Once I overcame the idea that I would never have the maths skills to work at Google, I was mesmerised by one of the “Fermi” style questions in the book. Simply put: “How many golf balls can you fit in a Mini?”

A variant of the question was first posed in the late 1500s by Sir Walter Raleigh to the mathematician Thomas Elliott, in relation to stacking cannon balls on a ship. The astronomer Johannes Kepler – a friend of Elliott’s – argued (but could not prove) that the densest way of packing spheres was the method already widely used for cannonballs. Lay down the first “level” of spheres in a hexagonal array; then lay down a new level on top of that, fitting each new sphere in the depressions between three spheres on the preceding level (see diagram below).
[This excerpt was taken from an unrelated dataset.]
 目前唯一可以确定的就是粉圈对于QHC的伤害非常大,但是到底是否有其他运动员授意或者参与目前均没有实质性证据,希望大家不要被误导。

In a large crate, each sphere is surrounded by 12 other spheres, and the “density” of this arrangement approaches 74%. Density in this context attributes a score of 100% to the sphere and nil to the space between spheres. The density of this hexagonal lattice compares to (i) 52% if the spheres are packed as if each were contained in a cube whose length equalled the diameter of the sphere; (ii) 55-64% if the spheres are packed randomly (the higher end of the range reflects post-packing agitation).

Carl Friedrich Gauss supplied a proof in 1831 that Kepler’s “hexagonal close packing” method was the densest among all possible **regular** lattice packing methods, but not among **irregular** arrangements. This remained a riddle until 1998, when Thomas Callister Hales announced a “proof by exhaustion” (or brute force), involving the checking of many individual cases (proven to be finite) using complex modelling. Referees have said that they are “99% certain” of the correctness of Hales’ proof, but it is not a proof in the purest sense of the term.
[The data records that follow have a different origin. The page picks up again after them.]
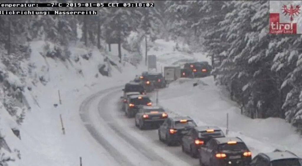 Wie de Fernpass neemt vandaag moet rekening houden met lange wachttijden. Daar staat nu al een flinke file en op de onderstaande webcam foto van Tirol is goed te zien dat je netjes achter in de rij kunt aansluiten. Ook de weg is hier nog voorzien van een verse laag met sneeuw, waardoor op sommige plekken de sneeuwkettingen omgedaan worden.
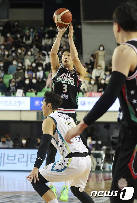 (대구=뉴스1) 공정식 기자 = 16일 오후 대구체육관에서 열린 '2021-2022 KGC인삼공사 정관장 프로농구' 올스타전 경기, 허웅이 슛을 쏘고 있다. 2022.1.16/뉴스1
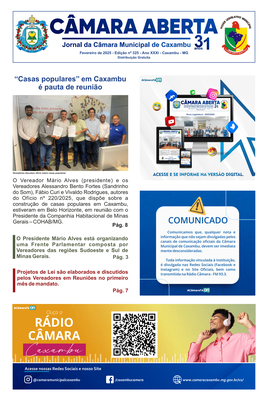 Jornal Câmara Aberta - Fevereiro 2025 Edição nº 325 - Ano XXXI. Destaques: Casas populares, Carnaval 2025, Reajuste dos professores.
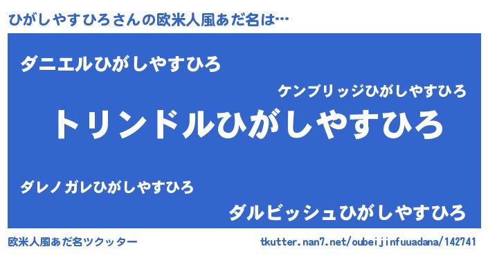 | ヘコむあだ名 | 『ひがしやすひろ(震え声)』『豆乳』 |

It got me thinking … we regularly ponder a number of important questions relating to strategy, human behaviour, process optimisation, capital allocation and risk. Some of these questions are characterised by significant tipping points, where value is either created or destroyed when a phenomenon varies over a narrow band of values. Important estimations of value, risk or change sit behind our decisions on these matters.
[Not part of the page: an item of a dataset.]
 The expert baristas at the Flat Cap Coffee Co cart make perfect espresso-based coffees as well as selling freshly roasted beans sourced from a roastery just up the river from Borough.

So how do we (and how should we) ponder the (equivalent of) the “density of the golf balls” issue that lies at the heart of the big decisions we make? Among other things:

- Are we blind to other issues in our pursuit of a narrow optimisation function? … How much oxygen does the driver of the Mini (no doubt a sad clown) need?
- Are we being tempted by inductive reasoning? In these scenarios, do we shut off our thinking to the potential cases where our theory no longer holds? How badly can we get it wrong, and what are the consequences if this happens? … At 74% density, will the clown and the Mini have enough inertia at 85mph to break through the front doors of the bank? What if the windscreen shatters and releases the balls?
- Is the search for a purist deductive solution plagued by diminishing marginal returns? What are the opportunities we miss as a result? … Above 74%, what is the implication (or value) of getting more golf balls in the Mini? How long do we have before the bank employees transfer the day’s cash from the drawers to the safe?

For me, these riddles are a great reminder of the importance of developing diversity of thinking in our team. Blind spots, temptation and stubbornness are always a risk, but diversity at least increases the chances of recognising these weaknesses.

I’m looking forward to bringing a couple of clowns and some golf balls to my next team meeting. I just hope that we don’t identify a riddle that lasts half a millennium.